▶ [BRIEF] For the listing below, the answer is an exact retyping of the lines from the one with "Castle of Orgaz, in" through the one with "Title: British crests", both included, without pictures.

▶ [RECORDS PROVIDED]
*** Block opens ***

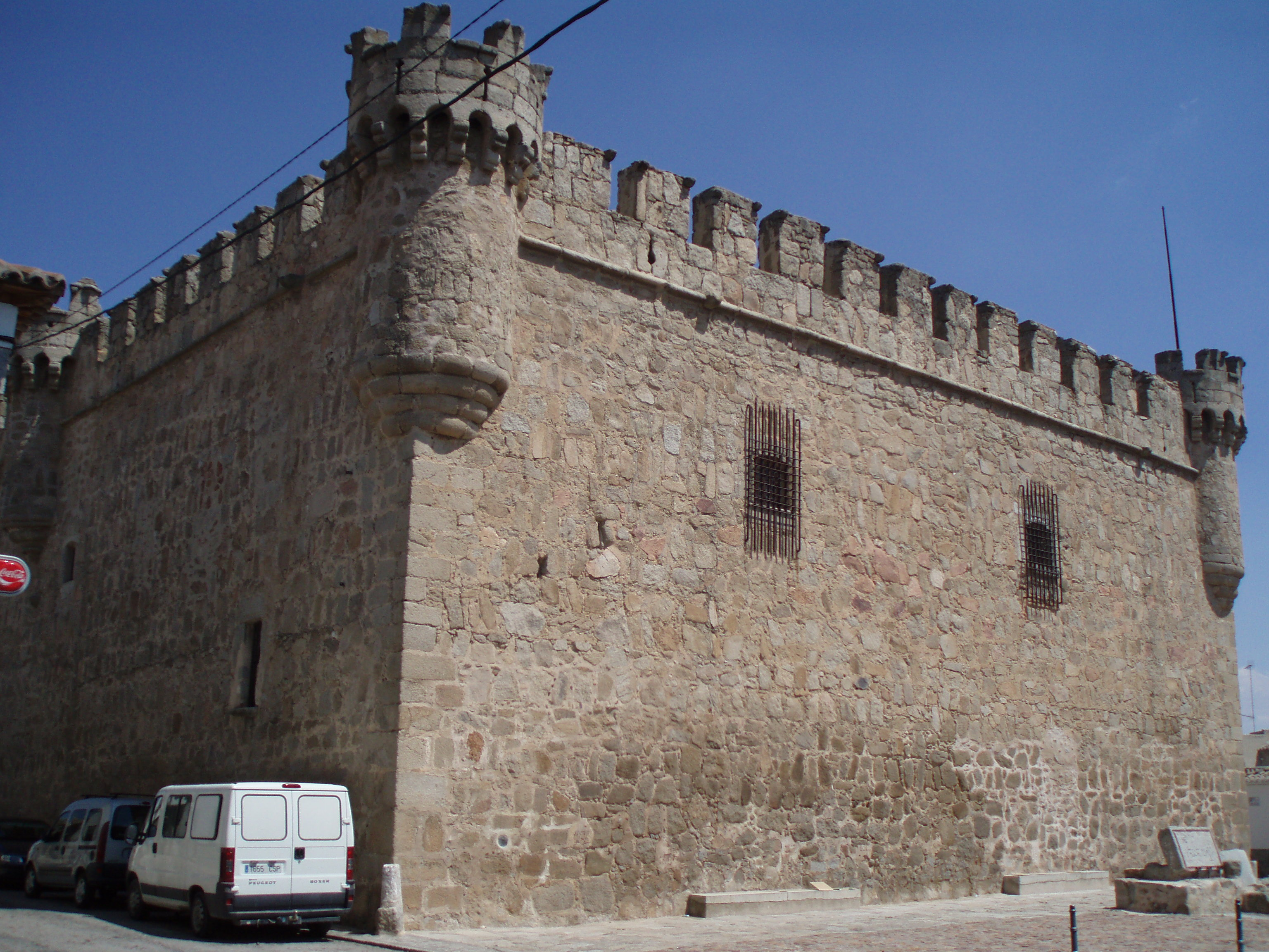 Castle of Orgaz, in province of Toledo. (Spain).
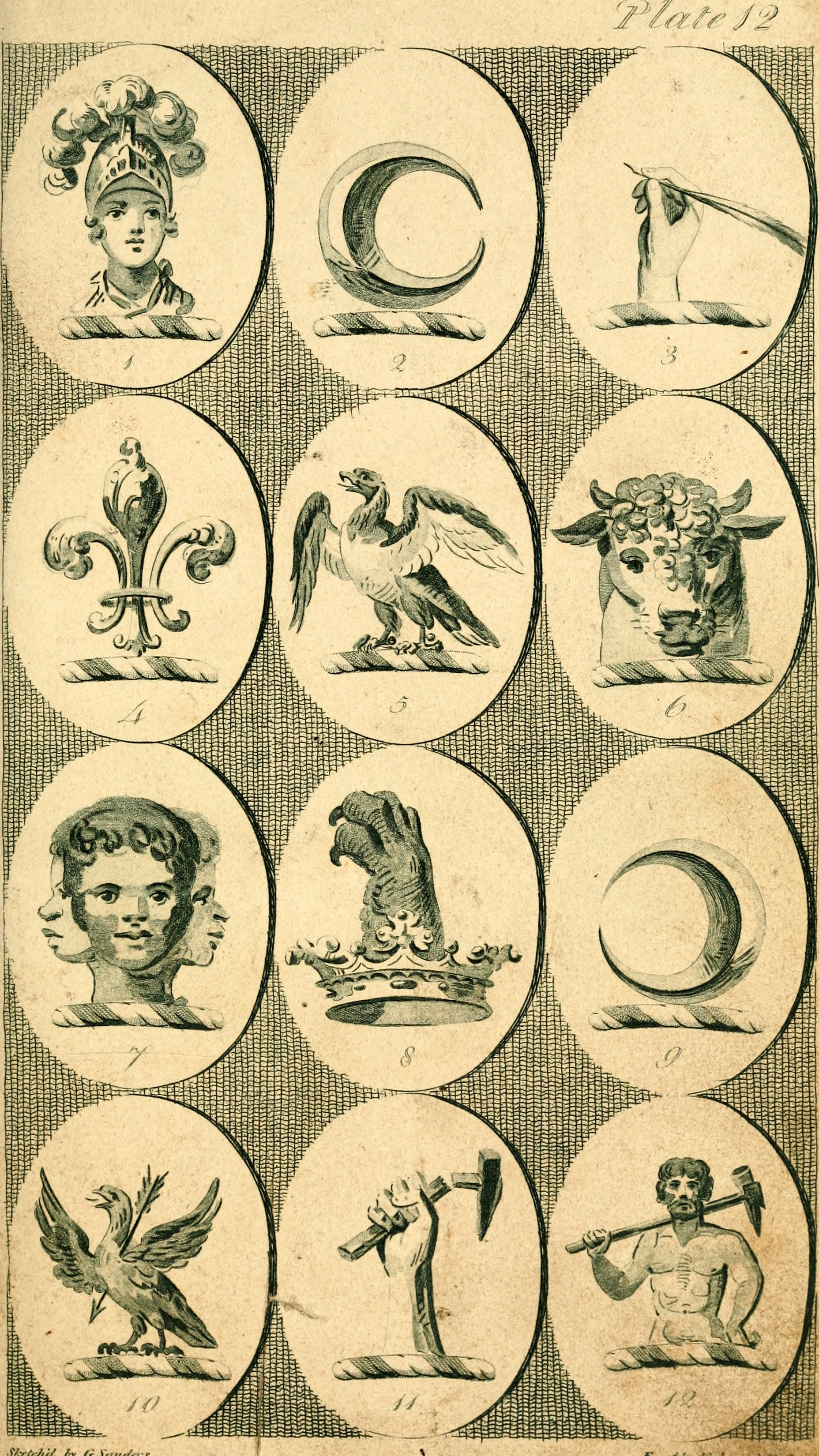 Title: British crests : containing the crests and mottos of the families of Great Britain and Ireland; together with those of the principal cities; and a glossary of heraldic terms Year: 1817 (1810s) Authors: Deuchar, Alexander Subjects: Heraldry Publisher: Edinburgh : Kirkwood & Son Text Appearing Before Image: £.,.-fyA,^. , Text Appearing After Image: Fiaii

*** Block closes ***
*** Block opens ***

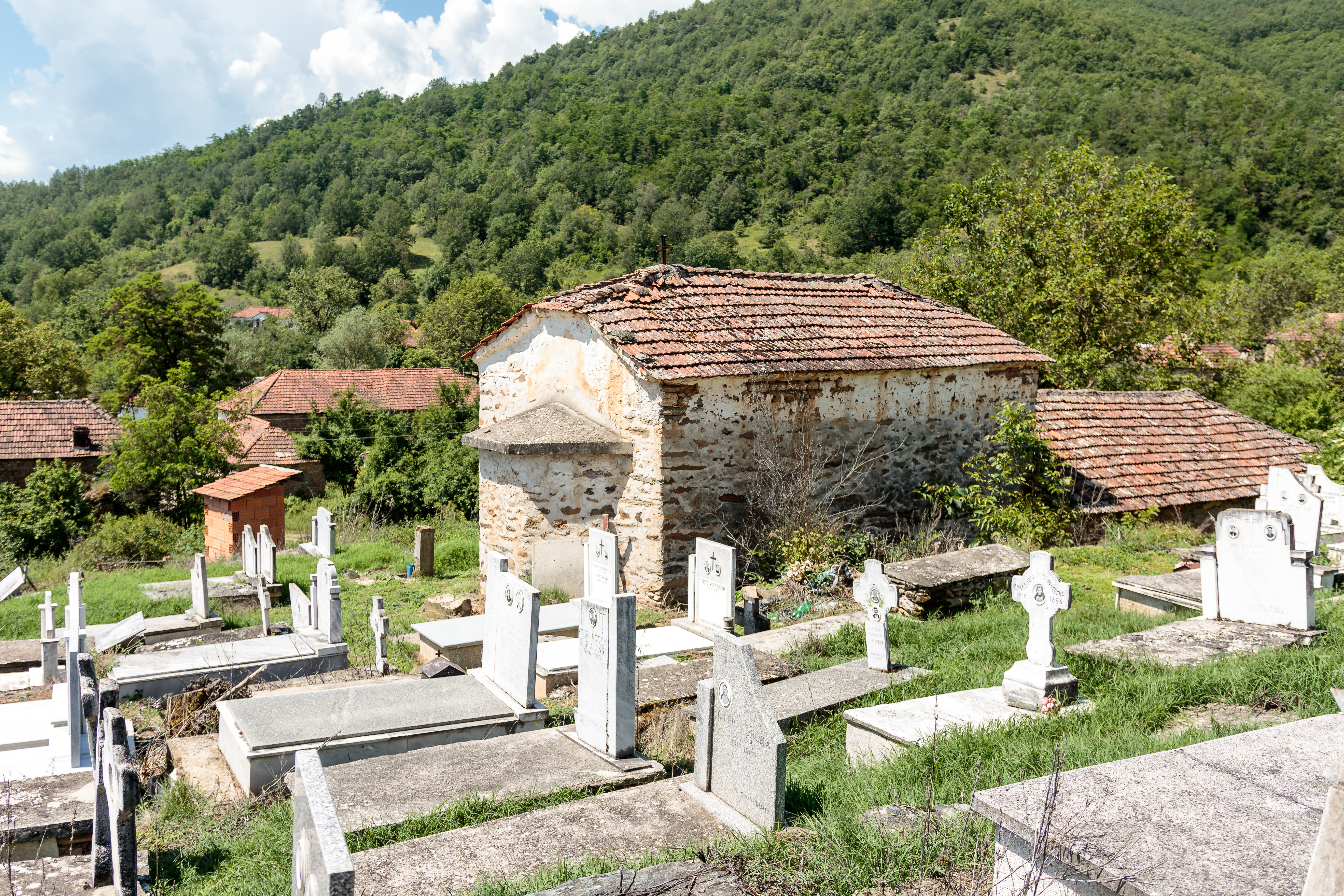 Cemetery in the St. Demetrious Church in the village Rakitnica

*** Block closes ***
*** Block opens ***

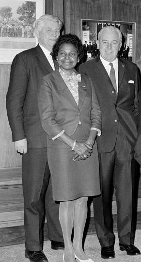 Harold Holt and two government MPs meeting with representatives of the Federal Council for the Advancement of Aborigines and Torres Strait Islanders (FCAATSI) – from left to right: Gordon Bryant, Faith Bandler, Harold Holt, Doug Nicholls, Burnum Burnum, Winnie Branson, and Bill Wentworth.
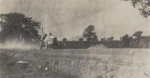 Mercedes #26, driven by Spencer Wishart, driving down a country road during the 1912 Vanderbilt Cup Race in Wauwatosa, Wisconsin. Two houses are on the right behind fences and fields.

*** Block closes ***

▶ [ANSWER TO THE EXERCISE]
 Castle of Orgaz, in province of Toledo. (Spain).
 Title: British crests : containing the crests and mottos of the families of Great Britain and Ireland; together with those of the principal cities; and a glossary of heraldic terms Year: 1817 (1810s) Authors: Deuchar, Alexander Subjects: Heraldry Publisher: Edinburgh : Kirkwood & Son Text Appearing Before Image: £.,.-fyA,^. , Text Appearing After Image: Fiaii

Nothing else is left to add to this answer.